Additionally, other mutation categories were defined, which clubbed multiple mutations into one, such as 'compound' and 'damaging'. Compound mutations are included because mutations types such as in-frame, nonsense and complex occur at a lower rate than single nucleotide missense mutations, which might lead to patterns and the impact of these mutations being masked. Since the functional impact is similar to missense mutations, combining similar mutation types might help capture information of these less frequently observed mutation types. Loss of function (LOF) mutations introduce significant changes in proteins, disrupting function. Damaging mutations are the sum of HiFI and MiFI mutations; these capture impact of multiple MiFI and sparse HiFI mutations. Many features compute a ratio of mutation types, as outlined in Table 1. We defined 37 features in all, with 18 being similar to those defined as Davoli et al.17 (Table 2).
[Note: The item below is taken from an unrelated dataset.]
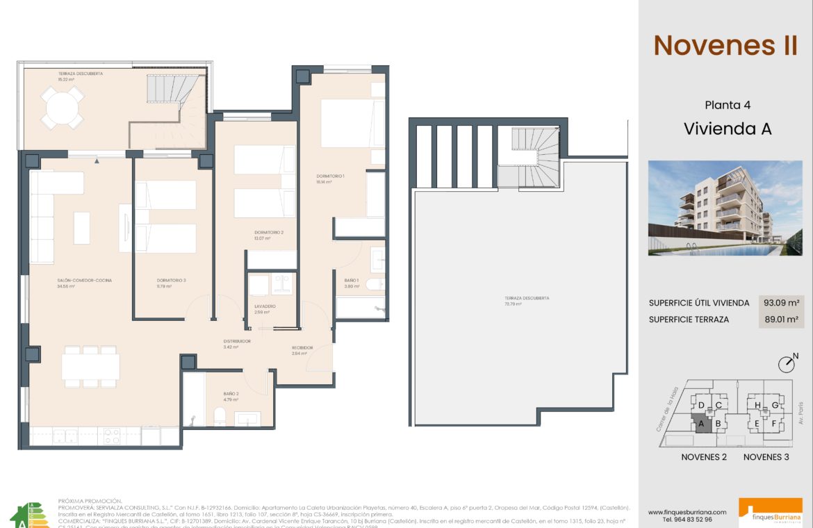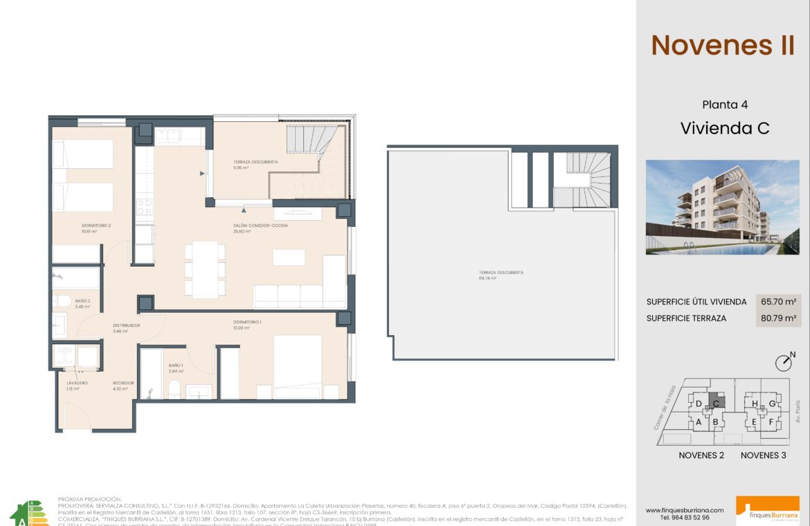 Residencial Novenes II y III se sitúa en uno de los entornos residenciales más modernos y tranquilos de Burriana, dentro de la zona Novenes de Calatrava.

Table 1 Definitions of mutation categories and the ratio of mutation categories.
Table 2 The features used in this study for classification.

Entropy and frequency features

Entropy and frequency features were defined for four mutation types. A mutation (Mi) in a given gene i is represented by its location. For missense mutations, Mi is represented as a tuple (loc, wt, mt) where loc is the location of the mutation, wt is the wild type nucleotide, and mt is the mutated nucleotide. If k unique mutations are present in a gene, fi gives the frequency for each of the mutations.

$${f}_{i}= \frac{{n}_{M}}{n}$$

where \({n}_{M}\) is the number of occurrences of mutation \(M\) and \(n\) is the number of mutations in gene \(i\).

$$S= \sum_{i=1}^{k}{f}_{i}\mathrm{log}{f}_{i}$$
$$Entropy=\mathrm{log}k-S$$

Classification of genes

Different machine learning algorithms such as random forest, support vector machines and logistic regression were used, among which random forest gave the highest accuracy. Random forest was used for building a robust model and classifying TSGs and OGs. We used fivefold cross-validation to split data into training to test set ratio of 8:2; where each fold acts as a test set. We used the implementation of Random forest from the Python package Sci-Kit Learn23. For each cross-validation set (Fig. 1 Block A), we tuned the parameters using a fivefold cross-validation grid search along with multiple random iterations of random seed (“Tuning hyperparameters” section). The classification was re-run using the given parameters, and features were ranked. The model was used to predict the classification of test set genes. All models built during cross-validation was used to make predictions. The consensus of the top genes across the models was used to make the final predictions.

Tuning hyperparameters

A grid search with fivefold cross-validation was done for multiple different random seeds (Fig. 1 Block B). The parameters tuned are n_estimator (from 5 to 40), max_features ('sqrt' or 'log2'), max_depth (2–4) and criterion ('gini' or 'entropy'). The number of maximum features each decision tree considers is given by the parameter max_features, which can be calculated in two ways: either the square root or log2 of the total number of features. Optimum parameters were selected by first estimating parameter 'n_estimator' and using it to estimate other parameters. Recurrence of 'n_estimator' across different random seeds was counted, and the maximum count was considered as the best' n_estimator' to be given to the model. For the random iterations with the given best 'n_estimator', the hyper-parameter set giving maximum accuracy was chosen. If multiple estimators were chosen, maximum accuracy during cross-validation was used to select estimator and the corresponding hyper-parameter set.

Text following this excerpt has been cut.